Re: [PATCH] sched/topology: improve topology_span_sane speed

From: Vishal Chourasia
Date: Wed Oct 23 2024 - 09:20:10 EST


On Mon, Oct 21, 2024 at 11:20:58AM -0500, Steve Wahl wrote:
> On Fri, Oct 18, 2024 at 05:05:43PM +0530, Vishal Chourasia wrote:
> > On Thu, Oct 10, 2024 at 10:51:11AM -0500, Steve Wahl wrote:
> > @@ -2417,9 +2446,6 @@ build_sched_domains(const struct cpumask *cpu_map, struct sched_domain_attr *att
> > > sd = NULL;
> > > for_each_sd_topology(tl) {
> > >
> > > - if (WARN_ON(!topology_span_sane(tl, cpu_map, i)))
> > > - goto error;
> > > -
> > > sd = build_sched_domain(tl, cpu_map, attr, sd, i);
> > >
> > > has_asym |= sd->flags & SD_ASYM_CPUCAPACITY;
> > > @@ -2433,6 +2459,9 @@ build_sched_domains(const struct cpumask *cpu_map, struct sched_domain_attr *att
> > > }
> > > }
> > >
> > > + if (WARN_ON(!topology_span_sane(cpu_map)))
> > > + goto error;
> > Hi Steve,
>
> Vishal, thank you for taking the time to review.
>
> > Is there any reason why above check is done after initializing
> > sched domain struct for all the CPUs in the cpu_map?
>
> The original check was done in the same for_each_sd_topology(tl) loop
> that calls build_sched_domain(). I had trouble 100% convincing myself
> that calls to build_sched_domain() on the previous levels couldn't
> affect calls to tl->mask() in later levels, so I placed the new check
> after all calls to build_sched_domain were complete.
>
Yeah, I don't see build_sched_domain() modifying the cpumask
returned from tl->mask(cpu)

> > It looks to me, that this check can be performed before the call to
> > __visit_domain_allocation_hell() in the build_sched_domains()
> > resulting in early return if topology_span_sane() detects incorrect
> > topology.
>
> This might be OK to do. I would greatly appreciate somebody well
> versed in this code area telling me for certain that it would work.
>
Same.

> > Also, the error path in the current code only cleans up d->rd struct, keeping
> > all the work done by build_sched_domain() inside the loop and __alloc_sdt()
> > called from __visit_domain_allocation_hell()
> >
> > is it because we need all that work to remain intact?
>
> I'm not seeing this. The return from __visit_domain_allocation_hell()
> is stored in alloc_state immediately checked to be == sa_rootdomain;
> if not, the error path is taken, deallocating everything and
> returning.
>
> The rest of the function does not touch alloc_state, so any error from
> that point on makes the call to __free_domain_allocs with what ==
> sa_rootdomain, which seems to undo everything.
>
> Are you possibly missing the fallthroughs in __free_domain_allocs()
> even though they're clearly emphasized?
>
Yes, you are right. Thank you for pointing that out.

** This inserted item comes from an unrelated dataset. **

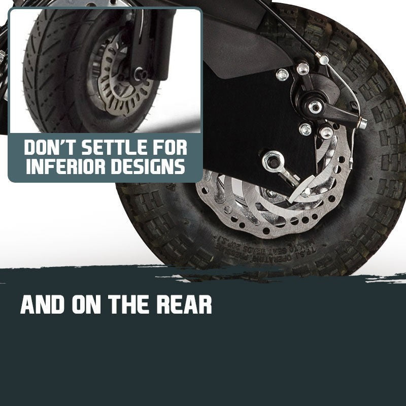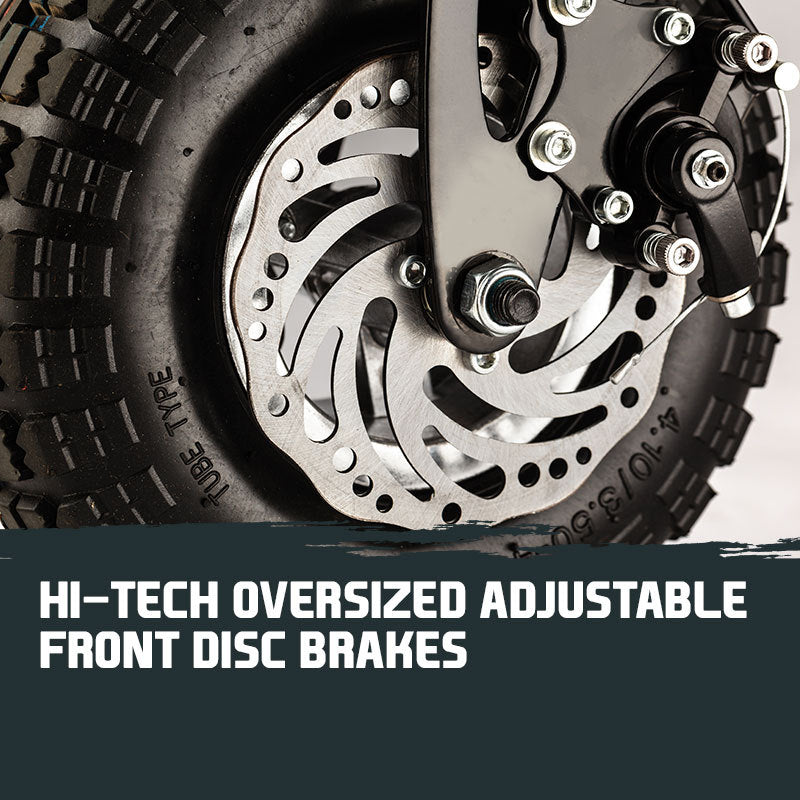 Of course, our boffins paid equal attention to the handling -a high-tensile yet lightweight steel frame houses tough polished steel shocks, massive disc brakes and oversized knobby 10-inch tyres. For those that like to tinker with their toys, you'll love how easy it is to tweak the shocks and brakes to your riding style.

> > static void __free_domain_allocs(struct s_data *d, enum s_alloc what,
> > const struct cpumask *cpu_map)
> > {
> > switch (what) {
> > case sa_rootdomain:
> > if (!atomic_read(&d->rd->refcount))
> > free_rootdomain(&d->rd->rcu);
> > fallthrough;
> > case sa_sd:
> > free_percpu(d->sd);
> > fallthrough;
> > case sa_sd_storage:
> > __sdt_free(cpu_map);
> > fallthrough;
> > case sa_none:
> > break;
> > }
> > }
> >
>
> Thanks,
>
> --> Steve Wahl
>
> --
> Steve Wahl, Hewlett Packard Enterprise